#### [TASK BRIEF]
I'd like the data below restated word for word, with the pictures left out.

#### [STORED DATA]
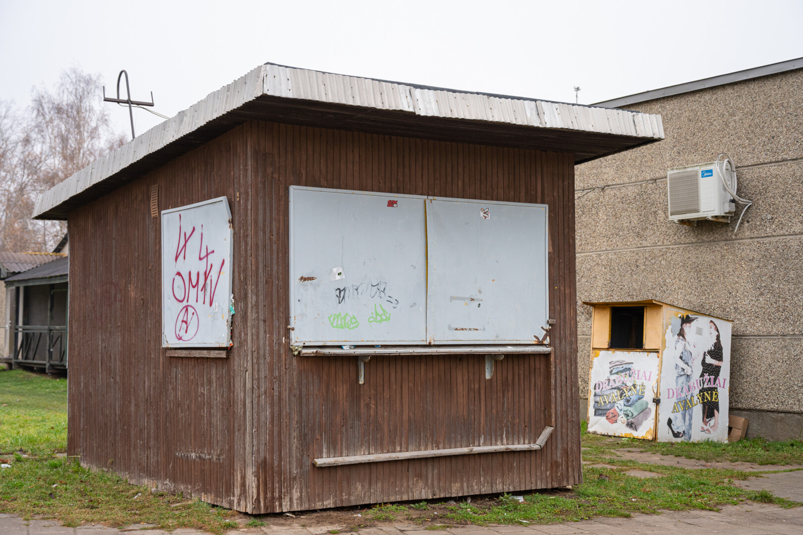 Vieni jų tušti stovi metus, kiti – net dešimtmečius. Tačiau iškabos ant tokių prekyviečių vis dar skelbia, kad jose pardavinėjami dėvėti rūbai, pieno produktai, netgi veikia šunų grožio salonas.
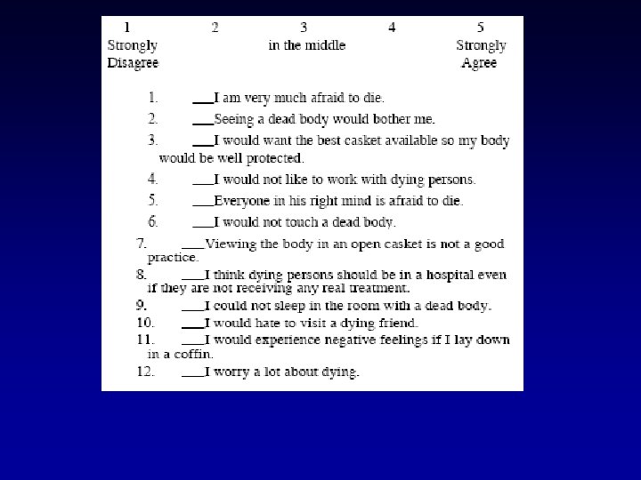 Fantasy Death Exercise • What are your criteria for a ‘good’ death? • The only hitch, as in life, is that you have to die. • Imagine you are there right now • Notice where you are, what your are doing, who is with you, what it is like, perhaps sounds, smells, other sensory specifics…
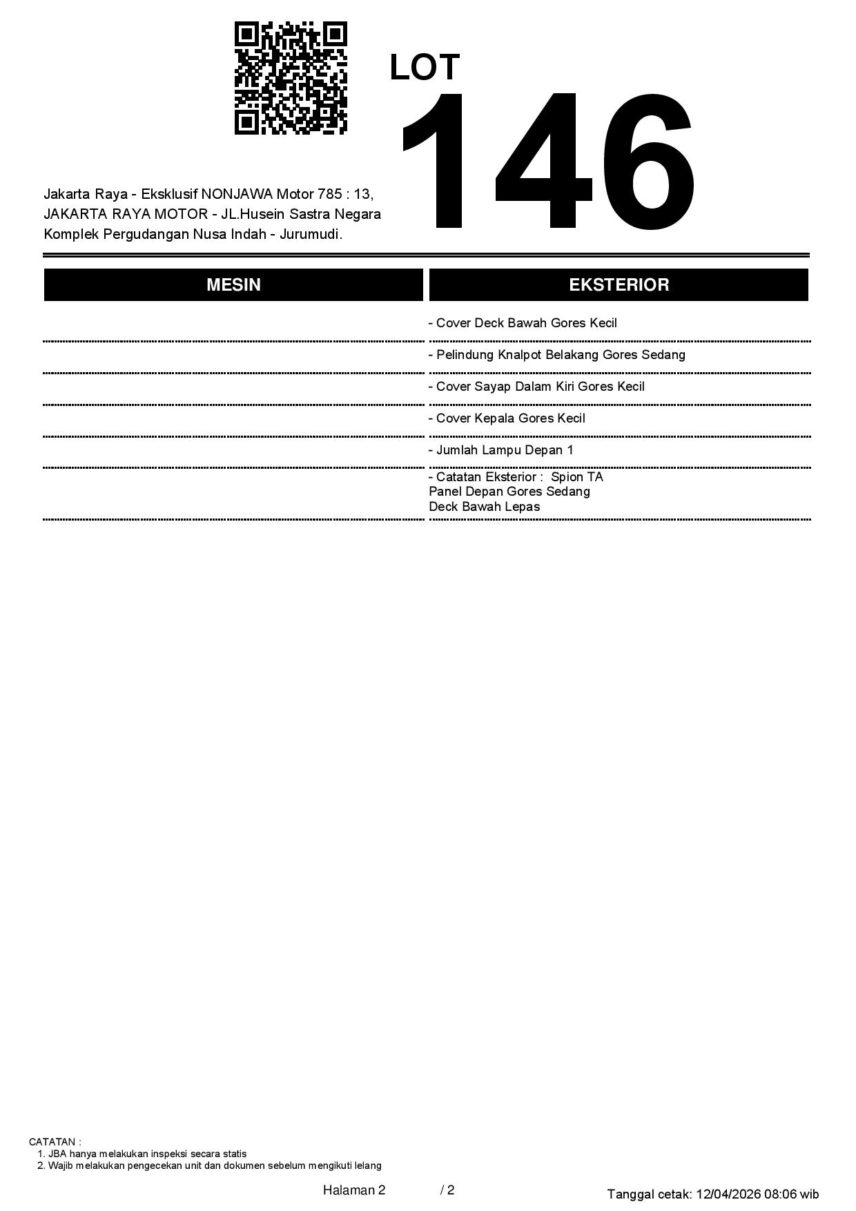2. Peserta lelang wajib cek unit & dokumen

#### [EXERCISE RESULT]
 Vieni jų tušti stovi metus, kiti – net dešimtmečius. Tačiau iškabos ant tokių prekyviečių vis dar skelbia, kad jose pardavinėjami dėvėti rūbai, pieno produktai, netgi veikia šunų grožio salonas.
 Fantasy Death Exercise • What are your criteria for a ‘good’ death? • The only hitch, as in life, is that you have to die. • Imagine you are there right now • Notice where you are, what your are doing, who is with you, what it is like, perhaps sounds, smells, other sensory specifics…
2. Peserta lelang wajib cek unit & dokumen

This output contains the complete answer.